The Legacy of Anne Frank
Page 24
However, we know from prison staff and prisoners alike that, as well as the delivery of knowledge and understanding of the consequences of prejudice and racism to thousands of British prisoners, the Anne Frank project has given confidence and aspiration and an enhanced sense of self-worth to those we have trained to be peer educators.
One prisoner exhibition guide from HMP Redditch in the West Midlands summed up the mission and success of taking Anne Frank into prisons, especially with those who have been removed from society, ‘What I knew before about Anne Frank was tiny compared to now but it’s not just about the history.

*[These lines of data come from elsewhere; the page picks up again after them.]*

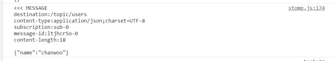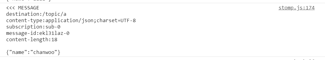 아까 위에서 클라이언트의 id와 일치하는 것을 알 수 있다. STOMP에서는 서버의 모든 메세지는 특정 클라이언트 구독에 응답하여야 하고 서버 메세지의 subscription-id 의 헤더는 클라이언트 구독의 id헤더와 일치해야한다.
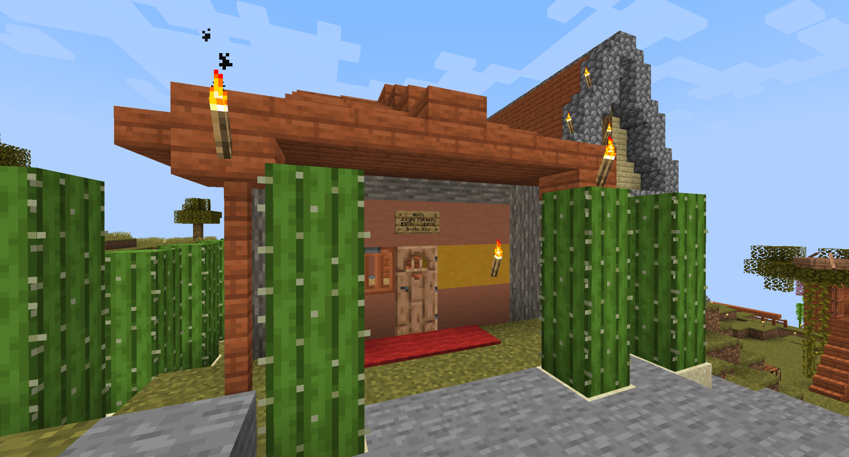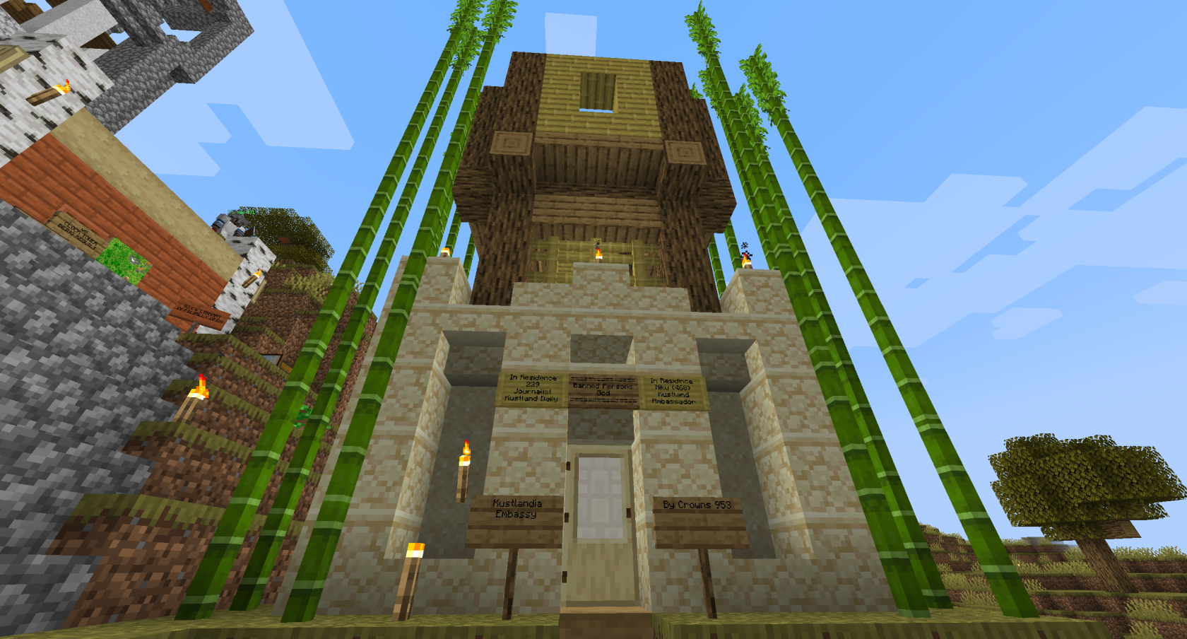 The below images show two of the embassies built in The Promised Land, however neither saw much use due to tense international relations that evolved soon after their construction. The Kustlandia Embassy was designed for their diplomat, 123, but he was expelled shortly after for attempting a coup in order to declare war without his peers' approval.
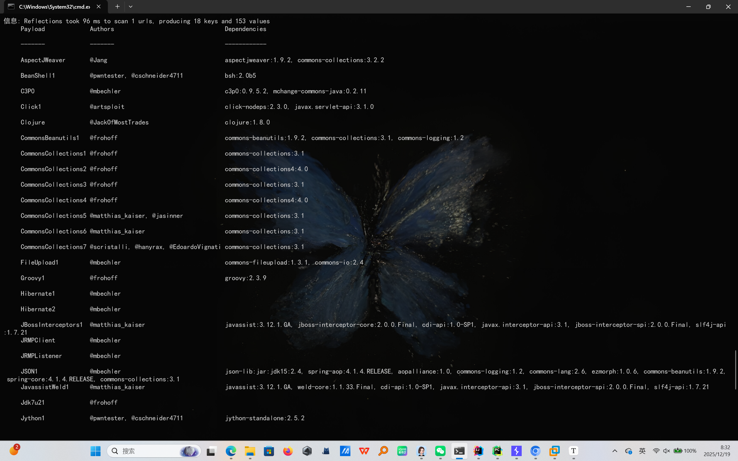 查看支持的利用链:执行以下命令可列出所有可用链(链的有效性取决于目标服务器是否存在对应依赖库):
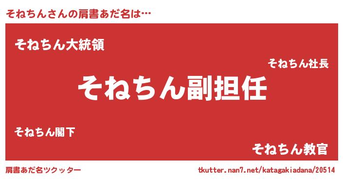 | 女子向けラノベタイトル風あだ名 | 『異世界で失敗しない100のそねちん』 |
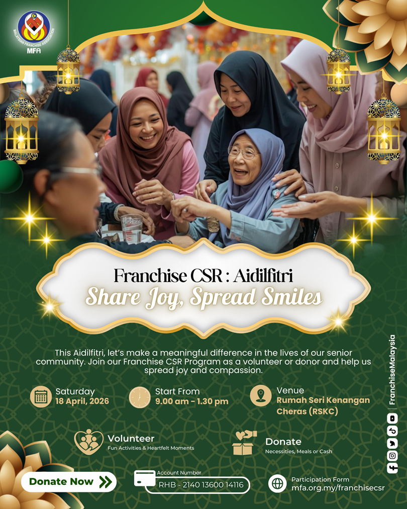 We warmly invite franchise brands, partners, and individuals to participate in this CSR initiative by contributing their support and joining us in making this Aidilfitri celebration more meaningful for the elderly community.
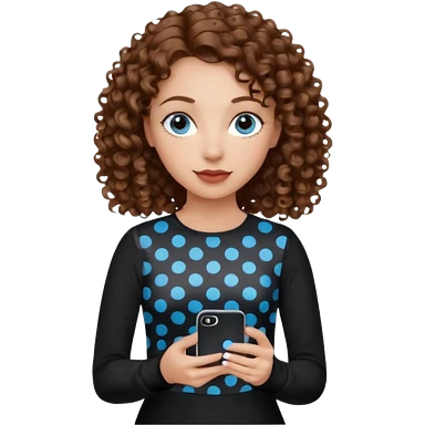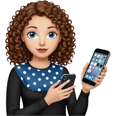 generate a pretty woman with blue eyes, light skin and medium brown curly shiny hair holding an iphone with a black and white polka dot case. she is looking at the phone and holding it in her hand. she is wearing a black long sleeve emoji
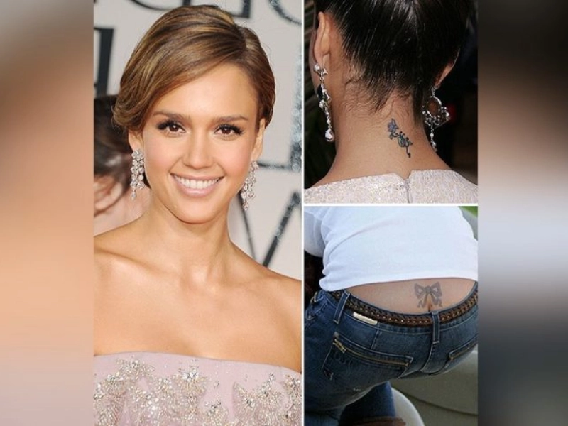 Jessica Alba balances grace and meaning. A bow on her lower back adds elegance, while subtle wrist and neck designs celebrate love, strength, and individuality.
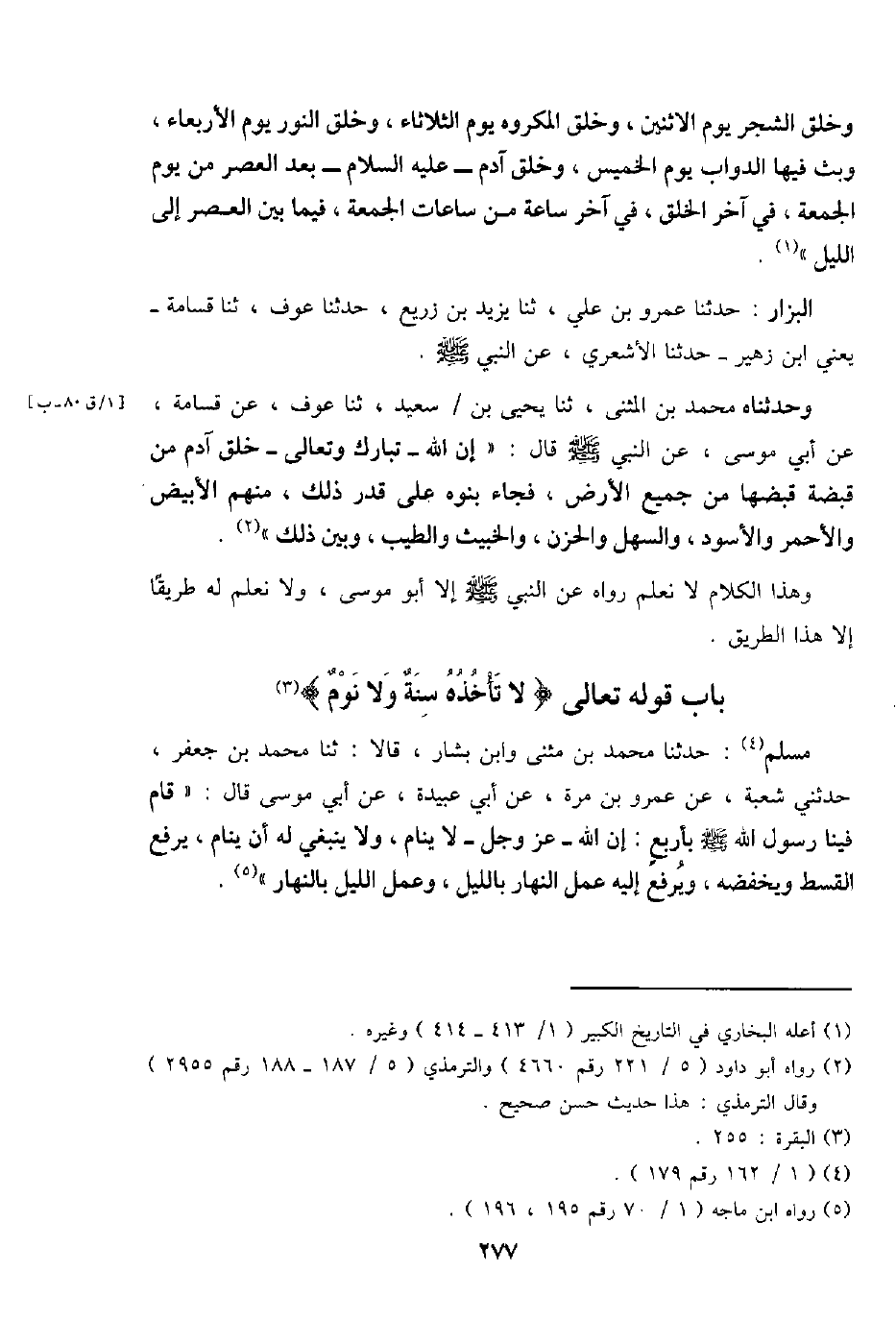 مُسلم: حَدثنَا مُحَمَّد بن مثنى وَابْن بشار، قَالَا: ثَنَا مُحَمَّد بن جَعْفَر، حَدثنِي شُعْبَة، عَن عَمْرو بن مرّة، عَن أبي عُبَيْدَة، عَن أبي مُوسَى قَالَ: " قَامَ فِينَا رَسُول الله - صَلَّى اللَّهُ عَلَيْهِ وَسَلَّم َ - بِأَرْبَع: إِن الله - عز وَجل - لَا ينَام، وَلَا يَنْبَغِي لَهُ أَن ينَام، يرفع الْقسْط وَيخْفِضهُ، وَيرْفَع إِلَيْهِ عمل النَّهَار بِاللَّيْلِ، وَعمل اللَّيْل بِالنَّهَارِ ".
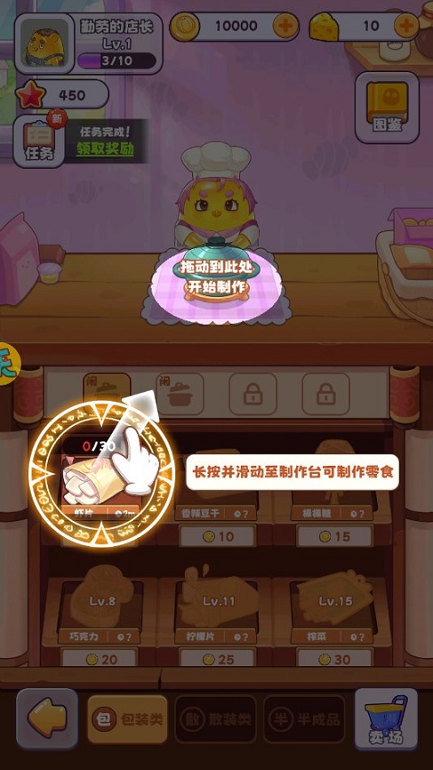 返回“制作”界面,长按并滑动材料至制作台即可制作零食。
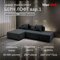 Купить Диван трансформер МасМеб Берн Лофт вариант 1, цвет графит, угол универсальный с доставкой по всей России.
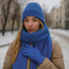 Комплект выполнен из мягкого трикотажа, что делает его особенно комфортным в носке. Вязаная шапка рибом 1х1 плотно и удобно садится по голове, сохраняя тепло и подчеркивая лаконичный стиль. Шарф из такого же материала и с аналогичной вязкой рибом 1х1 легко драпируется, позволяя носить его как свободно, так и плотно укутываясь — в зависимости от погоды и настроения. Вязаные перчатки из мягкой акриловой пряжи, также связаны резинкой 1х1. Они не только защищают от холода, но и оснащены функцией "тачскрин" на большом и указательном пальце, благодаря чему пользоваться смартфоном удобно даже на улице. Вместе шапка, шарф и перчатки создают практичный и универсальный комплект Nordend — теплый, удобный и идеально подходящий для холодного сезона.

It’s about learning confidence with the public, interacting with people, to approach, talk to and answer them.’
There are now thousands of former prisoners whose reintegration back into British society has been undoubtedly helped by learning the story of Anne Frank, and in hundreds of cases, by telling that story themselves. Many have also had a very privileged opportunity, that of meeting a Holocaust survivor in the flesh. Whenever I have closed the talk to prisoners by a survivor, I have reminded them that this privilege has also put a great responsibility on their shoulders – that of imparting this story themselves to their children and future grandchildren.
Chapter 15
Anne Frank and Stephen Lawrence
On a chilly November night in 2000, Doreen Lawrence was standing amidst the stone pillars of Durham Cathedral in front of the Anne Frank exhibition. She was staring wistfully at a series of photographs of her son Stephen. In one he was very young, dressed in his primary school uniform. Doreen pointed to it, turned to me and sighed, ‘That day he came home from school and excitedly showed me his school photo. But you know what, I told him off for grinning widely at the photographer. He couldn’t help it that he had lost the whole front set of his milk teeth and I thought it would spoil the photo.’ She paused, sighed and turned back to look at her son’s face and said, ‘How could I have told him off?’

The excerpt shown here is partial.